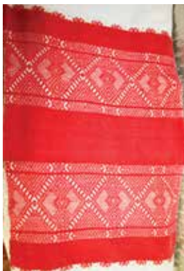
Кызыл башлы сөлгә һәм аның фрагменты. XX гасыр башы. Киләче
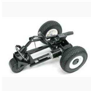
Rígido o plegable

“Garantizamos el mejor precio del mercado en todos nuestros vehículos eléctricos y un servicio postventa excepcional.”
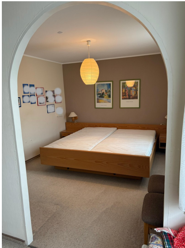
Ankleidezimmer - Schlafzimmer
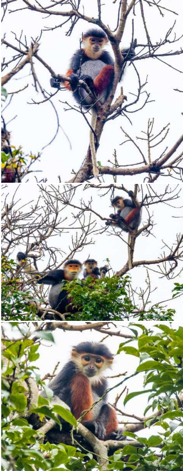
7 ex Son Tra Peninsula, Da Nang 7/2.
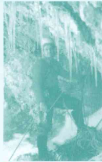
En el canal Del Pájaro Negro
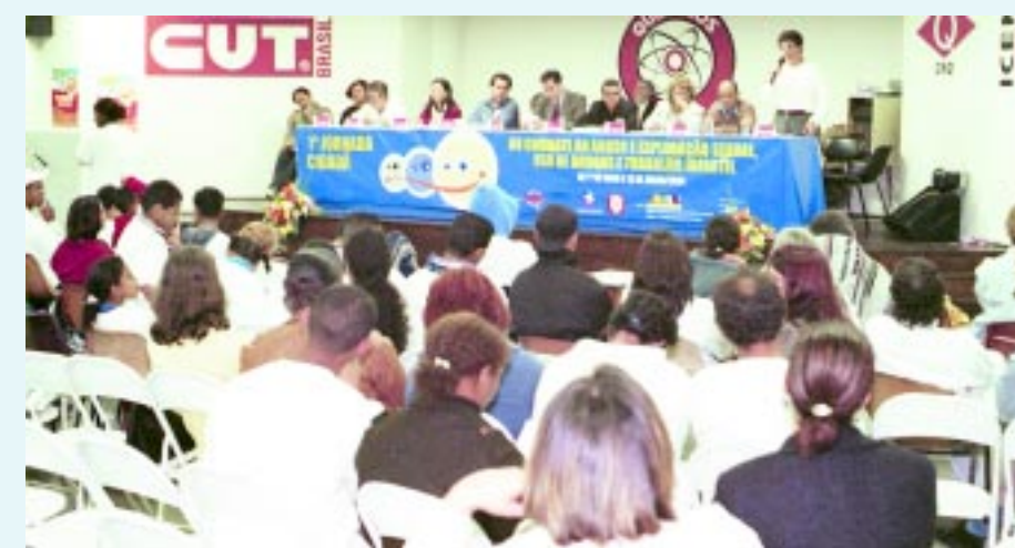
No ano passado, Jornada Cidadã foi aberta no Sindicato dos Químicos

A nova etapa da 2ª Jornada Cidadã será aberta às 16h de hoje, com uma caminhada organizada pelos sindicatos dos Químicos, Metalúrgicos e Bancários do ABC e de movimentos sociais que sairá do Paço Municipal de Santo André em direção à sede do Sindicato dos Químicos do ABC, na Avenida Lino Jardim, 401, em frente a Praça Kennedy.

──────────────────────────────

Exercise instructions: After removing the pictures, repeat the remaining records exactly.

The completed task:
Кызыл башлы сөлгә һәм аның фрагменты. XX гасыр башы. Киләче
Rígido o plegable

“Garantizamos el mejor precio del mercado en todos nuestros vehículos eléctricos y un servicio postventa excepcional.”
Ankleidezimmer - Schlafzimmer
7 ex Son Tra Peninsula, Da Nang 7/2.
En el canal Del Pájaro Negro
No ano passado, Jornada Cidadã foi aberta no Sindicato dos Químicos

A nova etapa da 2ª Jornada Cidadã será aberta às 16h de hoje, com uma caminhada organizada pelos sindicatos dos Químicos, Metalúrgicos e Bancários do ABC e de movimentos sociais que sairá do Paço Municipal de Santo André em direção à sede do Sindicato dos Químicos do ABC, na Avenida Lino Jardim, 401, em frente a Praça Kennedy.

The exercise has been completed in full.